"I think I am changed," she said to herself, at last. "I
didn't use to like to read the Bible, and now I do very much;
— I never liked praying in old times, and now, oh! what should
I do without it! I didn't love Jesus at all, but I am sure I
do now. I don't keep his commandments, but I do _try_ to keep
them; — I _must_ be changed a little. Oh!
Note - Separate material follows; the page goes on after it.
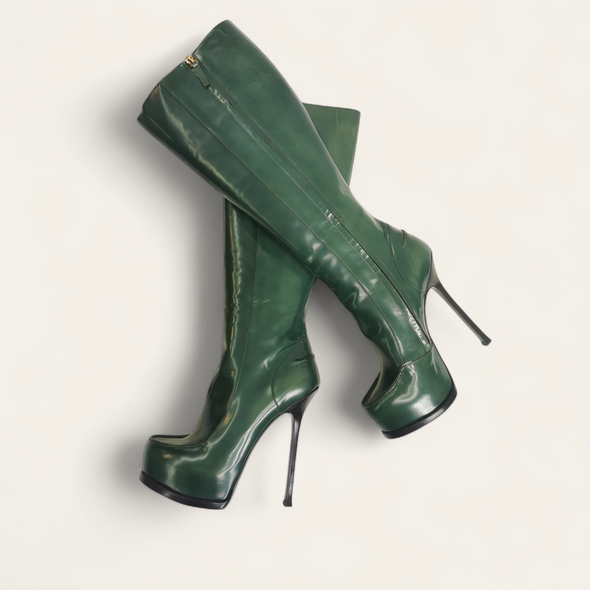 Duboke, u prelepoj tamnozelenoj boji, izrađene od glatke, kvalitetne kože. Visoka potpetica i platforma im daju ozbiljan stav, dok forma čini nogu elegantnom i izduženom. Model sa rajsferšlusom sa strane. Odlično očuvane, u originalnoj kutiji, kao nove, spremne za novu šetnju. Retki model – prava stvar za kolekcionarke i sve koje vole upečatljive komade.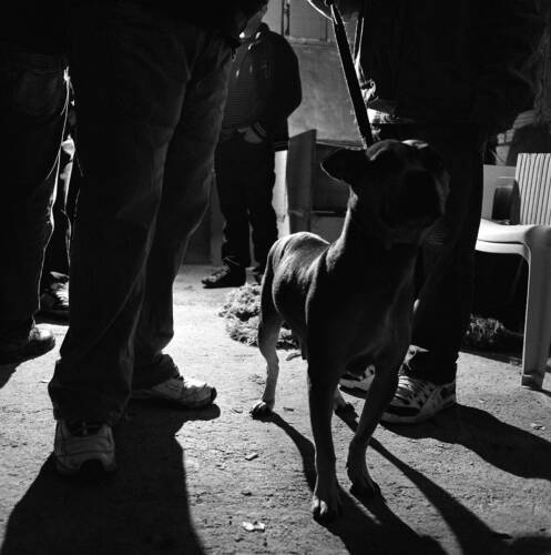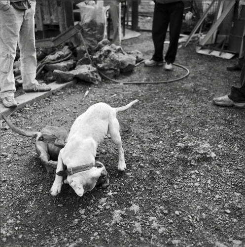 The photographic essay "We Are Dogs!" by Jaka Babnik is an auto-reflective study, motivated by the desire to uncover and demystify one of the society's acceptable forms of fighting. The photos take away the masques from the phenomena of dogfights, mostly by compelling one to ask oneself what is human as well as what the origins and purposes of fighting are. The elliptical character of the story, where the man's relationship with the dog rather than the man himself is in focus, reveals dogfights as a field in which human nature usurps violence and fighting in order to exercise its power(lessness). Exercising power(lessness) by humiliation and exploitation of animals is not only the final consequence of human destructiveness, it also forces us to rethink what we talk about when we talk about humankind. It seems that the fight for an omnipotent anthropocentric position is inherent to "humankind". Even more, it unfolds itself indirectly, through those lacking access to rational, human-like manipulation.

I wish Mamma had known
it before!"
Weeping with mixed sorrow and thankful joy, Ellen bent her
head upon her little Bible to pray that she might be _more_
changed; and then, as she often did, raised the cover to look
at the texts in the beloved handwriting.
"I love them that love me, and they that seek me early shall
find me."
Ellen's tears were blinding her. "That has come true," she
thought.
"I will be a God to thee, and to thy seed after thee."
"That has come true, too!" she said, almost in surprise — "and
Mamma believed it would." — And then, as by a flash, came back
to her mind the time it was written; she remembered how, when
it was done, her mother's head had sunk upon the open page —
she seemed to see again the thin fingers tightly clasped — she
had not understood it then — she did now. "She was praying for
me," thought Ellen — "she was praying for me; she believed
that would come true."
The book was dashed down, and Ellen fell upon her knees, in a
perfect agony of weeping.
Even this, when she was calm again, served to steady her mind.